4.2.2 Transition metal carbide nanoparticles.
Ni3C, as an earth-abundant and fascinating iron group transition metal carbide, has demonstrated exceptional photocatalytic activity for H2 production in acidic conditions.146–148 Through a simple surface charge-promoted self-assembly technique, Zhao et al. synthesized a MAPbI3/Ni3C composite photocatalyst.117 Scanning electron microscope (SEM) images showed that Ni3C was loaded on the surface of MAPbI3 (Fig. 9c). The photocatalytic process of this composite is shown in the Fig. 9d. The HER rate of 15% Ni3C/MAPbI3 reached 118.1 μmol h−1 (50 mg), which was about 55-fold enhancement than that of MAPbI3 (2.15 μmol h−1, 50 mg) and far higher than that of Pt/MAPbI3 (26.7 μmol h−1, 50 mg). Notably, the photocatalytic HER rate of Ni3C/MAPbI3 showed no obvious decrease after a designed photoreaction process involving 10 cycles, one-month storage, and an additional 10 cycles, highlighting the superb stability of this composite photocatalyst. The excellent photocatalytic HER activity and stability of Ni3C/MAPbI3 were believed to originate from the improved carrier separation and transfer ability, the increased number of reaction sites on the surface of MAPbI3, and the intrinsic stability of the composite photocatalyst.
4.2.3 Transition metal phosphide nanoparticles.

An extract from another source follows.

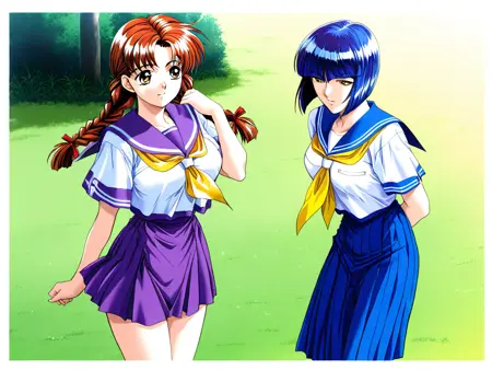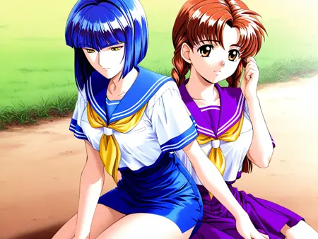 サンプルの二人同時に出してるのはガチャですが拡張機能のForge Attention Coupleを使うときれいに出るはずです。環境がある人はお試しあれ

Transition metal phosphides are hopeful substitutes for noble metal cocatalysts to enhance the outstanding carriers’ separation and migration capacity and enable low-cost production.149–151 Using a simple in situ photosynthesis method, Cai et al. first synthesized a MAPbI3/cobalt phosphide (CoP) composite structure.125 CoP nanoparticles could be used as cocatalysts as they can not only effectively extract photoinduced electrons from MAPbI3 and enhance the separation of carriers but also promote interfacial photocatalytic reactions. Based on these advantages, the MAPbI3/CoP composite photocatalyst exhibited an excellent HER rate of ca. 2.45 μmol h−1 (ca. 3.12 mg) in HI solution within 3 h, which was about 8-fold enhancement than that of bare MAPbI3. Moreover, when the photocatalytic reaction time increased to 27 h, its HER rate reached ca. 6.5 μmol h−1 (ca. 3.12 mg), which could be attributed to the ameliorative crystallinity of MAPbI3 and the increased reaction active sites of CoP co-catalyst during the incessant photocatalytic reaction. Furthermore, Huang et al. developed a NiCoP/Cs2AgBiBr6 composite photocatalyst via the electrostatic coupling method.137 With visible-light irradiation, NiCoP acted as an electron extractor to improve the charge separation efficiency of Cs2AgBiBr6, thereby boosting the photocatalytic H2 production ability. Specifically, the composite photocatalyst displayed a maximum HER rate of 37.32 μmol h−1 (100 mg) at a loading amount of 12.5% NiCoP, with approximately 88-fold enhancement over that of pristine Cs2AgBiBr6. In addition, transition metal phosphides are economical and environmentally friendly, favouring their further development.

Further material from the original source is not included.